Effects of CO2 and Ozone on Volatile Organic Compounds Emitted by Transgenic and Non-Transgenic Oilseed Rape
Himanen, S.J., Nerg, A.-M., Nissinen, A., Pinto, D.M., Stewart Jr., C.N., Poppy, G.M. and Holopainen, J.K. 2009. Effects of elevated carbon dioxide and ozone on volatile terpenoid emissions and multitrophic communication of transgenic insecticidal oilseed rape (Brassica napus). New Phytologist 181: 174-186.
To see how these phenomena may be impacted by the ongoing rise in the atmosphere's CO2 concentration, as well as by localized areas and time periods of high ozone (O3) pollution, the authors exposed groups of both normal (non-transgenic) oilseed rape (Brassica napus ssp. oleifera L.) plants and transgenic plants, containing an introduced gene that produces Bacillus thuringiensis (Bt) crystal endotoxin (Cry) proteins that limit herbivorous insect attacks, to air of 360 and 720 ppm CO2, as well as O3-free air and air of 100 ppb O3. These experiments were conducted in controlled-environment chambers, where the plants were grown from seed for 17-18 days in 0.66-liter pots filled with a 2:1:1 mixture of fertilized compost, Sphagnum peat and sand.

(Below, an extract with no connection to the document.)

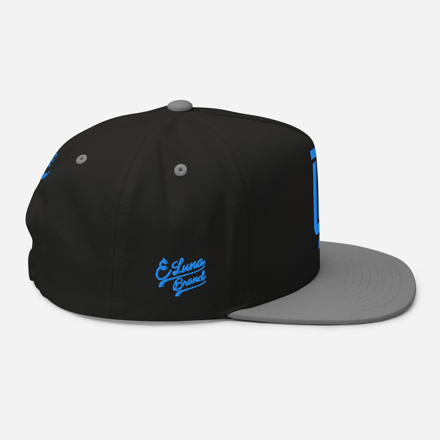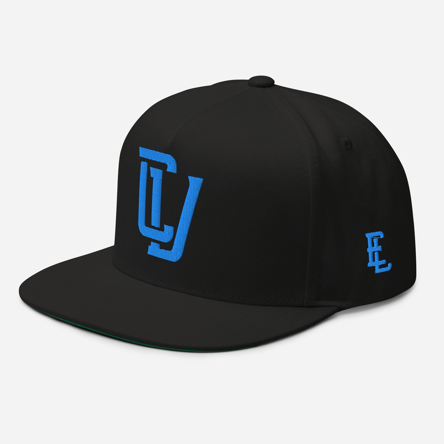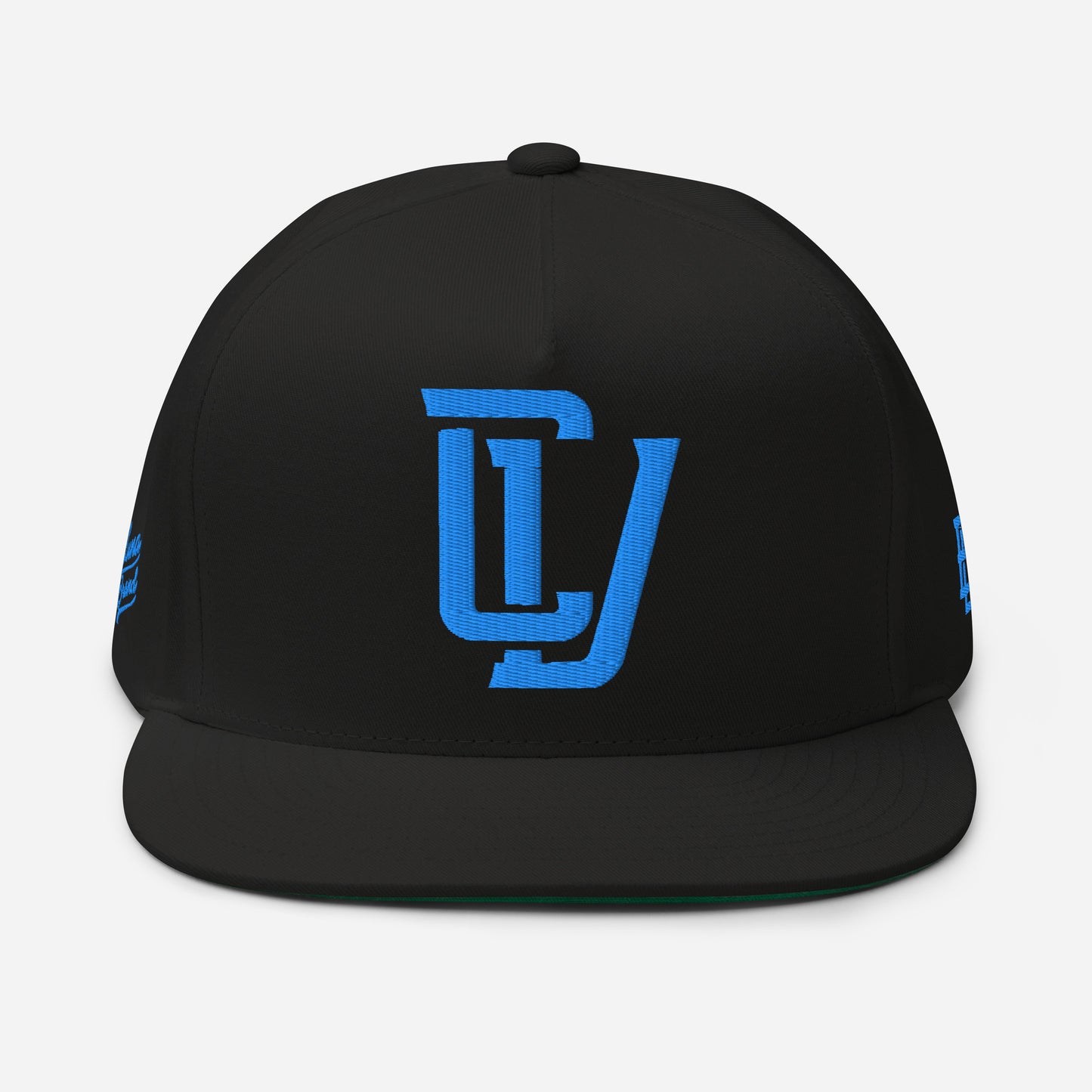 "CV" Flat Bill Cap | E Luna Brand PREMIUM | 4 Aqua/Teal Thread Logos | 3D Puff Edition

The non-transgenic plants grown in CO2-enriched air produced 27% more shoot biomass than those grown in ambient air, while the transgenic plants produced 25% more. In the O3-enriched air, on the other hand, the non-transgenic plants produced 29% less shoot biomass than those grown in O3-free air, while the transgenic plants produced 34% less. In addition, on a per-dry-weight basis, Himanen et al. say the "doubled CO2 significantly increased terpenoid emissions from intact oilseed rape plants compared with those released from the corresponding plants grown in control CO2," while they report no O3-induced increases in VOC emissions.

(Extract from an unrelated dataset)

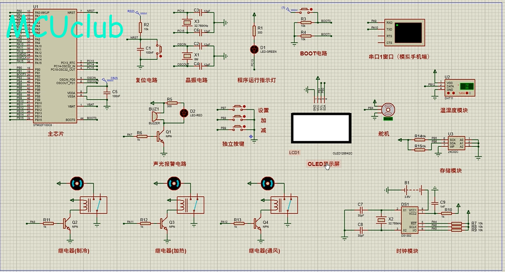 注意:部分实物元器件仿真中没有,仿真中会用其他工作原理相似的元件代替,这样可能导致实物程序和仿真程序不一样

In addition to the fact that "production of Bacillus thuringiensis crystal endotoxin proteins in a crop plant limits specific herbivorous insect attack without the need for chemical treatments," to quote the seven scientists, "elevated CO2 conditions could modify herbivore-induced defenses [VOC emissions] at the vegetative stage, and enhance indirect defense in the future." And, of course, the increasing CO2 content of the air would help to thwart the growth-reducing effects of ozone pollution at one and the same time.